This version of the paper is much improved. I enjoyed re-reading it.

I thank the authors for addressing my comments. It is now clearer how they selected the message content, when students received both the email and text messages, and that the length of text messages was fixed. It also now easier for the reader to interpret the parameter, beta 3, as the mean difference in exam grades between treated and control students in the second exam minus this same difference in the first exam. The authors have also done a nice job of toning down the text throughout the paper to better reflect the findings and have nicely explained how they are thinking about the cost-benefit analysis of their intervention.

While these are all great improvements, I do have three remaining concerns about the paper.

*First*, while the mathematical representation of the parameter, beta 3, is now clear, I still do not quite understand how to think about it in the context of a carry-over effect. This parameter is negative in Tables 2 to 4, which means that the difference in outcomes between treated and control students is higher on the first exam than it is on the second exam. Why do the authors think this is the case? What is the hypothesized mechanism?

In Table 4, the estimate of beta 3 is negative and, together with beta 1, implies that treatment was ineffective in group B. Is this because the treatment on group A had a persistent effect on exam 2, pushing up the exam 2 scores of group A (relative to what would have been the case without treatment on exam 1)? Or is it because treatment is simply more effective when applied earlier in the semester? It is still unclear to me how to think about the underlying dynamics that result in the estimated value for this parameter. I think the authors could provide more of an explanation than is currently provided between lines 599 and 605 of the manuscript.

Thank you very much for raising this important point which led us to expand the explanation on the carry-over effect.

The interaction of T and E indicates the carry-over effect, i.e., whether the ordering of the treatment influences the outcome variables. A significant carry-over effect biases the estimation of the average treatment effect.

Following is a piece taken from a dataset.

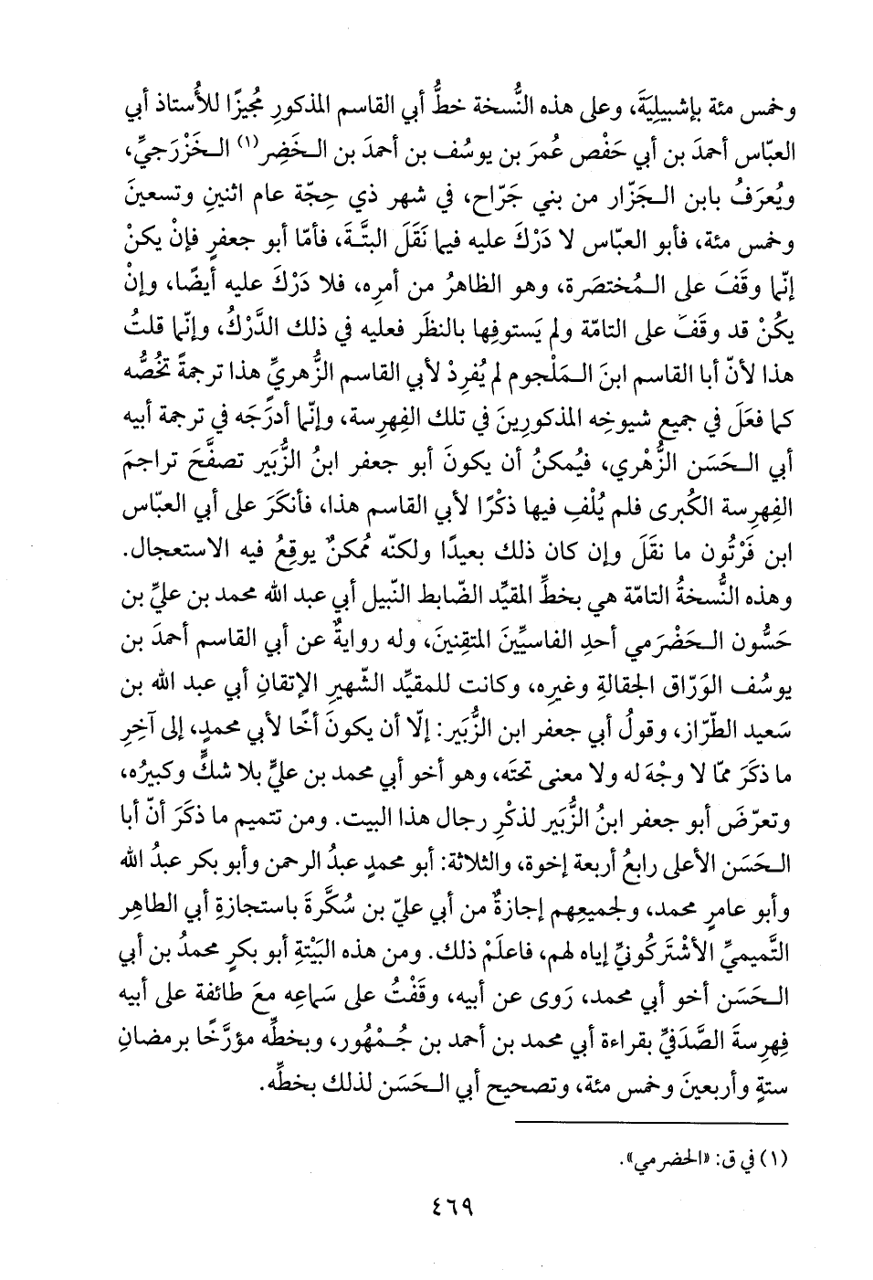 وهذه النُّسخةُ التامّة هي بخطِّ المقيّد الضّابط النّبيل أبي عبد الله محمد بن عليِّ بن حَسُّون الحَضْرَمي أحدِ الفاسيِّينَ المتقِنينَ، وله روايةٌ عن أبي القاسم أحمدَ بن يوسُف الوَرّاق الجقالةِ وغيره، وكانت للمقيِّد الشّهيرِ الإتقانِ أبي عبد الله بن سَعيد الطّرّاز، وقولُ أبي جعفر ابن الزُّبَير: إلا أن يكونَ أخًا لأبي محمدٍ، إلى آخِرِ ما ذكَرَ ممَّا لا وجْهَ له ولا معنى تحتَه، وهو أخو أبي محمد بن عليٍّ بلا شكٍّ وكبيرُه، وتعرّضَ أبو جعفر ابنُ الزُّبَير لذكْرِ رجال هذا البيت. ومن تتميم ما ذكَرَ أنّ أبا الحَسَن الأعلى رابعُ أربعة إخوة، والثلاثة: أبو محمدٍ عبدُ الرحمن وأبو بكر عبدُ الله وأبو عامرٍ محمد، ولجميعِهم إجازةٌ من أبي عليّ بن سُكَّرةَ باستجازةِ أبي الطاهِر التَّميميِّ الأشْتَركُونيِّ إياه لهم، فاعلَمْ ذلك. ومن هذه البَيْتةِ أبو بكرٍ محمدُ بن أبي الحَسَن أخو أبي محمد، رَوى عن أبيه، وقَفْتُ على سَماعِه معَ طائفة على أبيه فِهرِسةَ الصَّدَفيّ بقراءة أبي محمد بن أحمد بن جُمْهُور، وبخطّه مؤرَّخًا برمضانِ ستةٍ وأربعينَ وخمس مئة، وتصحيح أبي الحَسَن لذلك بخطِّه.

In our design, we expect a negative carry-over effect, which means that encouraging students before their first exam affects their outcomes at the second exam. Since the sequence of treated and control conditions is either treated-control (Group A) or control-treated (Group B), treating students first might lead to a long-lasting effect or a long wash-out period. A statistically significant negative carry-over effect signals that the treatment effect is higher at students’ first exam than at their second. A negative carry-over effect legitimizes the encouragement treatment and shows that students yearn for encouragement, since treating them before their first exam also affected their outcomes at the second exam, when they were not treated.

Under the current design, the carry-over effect does not provide a substantive interpretation of possible mechanisms that might lead to the longer-lasting effect when treating students before the first exam instead of the second.

*Second*, and related, these issues around beta 3 become especially relevant when it comes to assuaging concerns about selection into the endline questionnaire. The authors say treatment status decreases completion of the endline survey but that Tables A6 to A8 show similar results when the sample is restricted to students who completed the endline survey twice. I respectfully disagree that the results are similar.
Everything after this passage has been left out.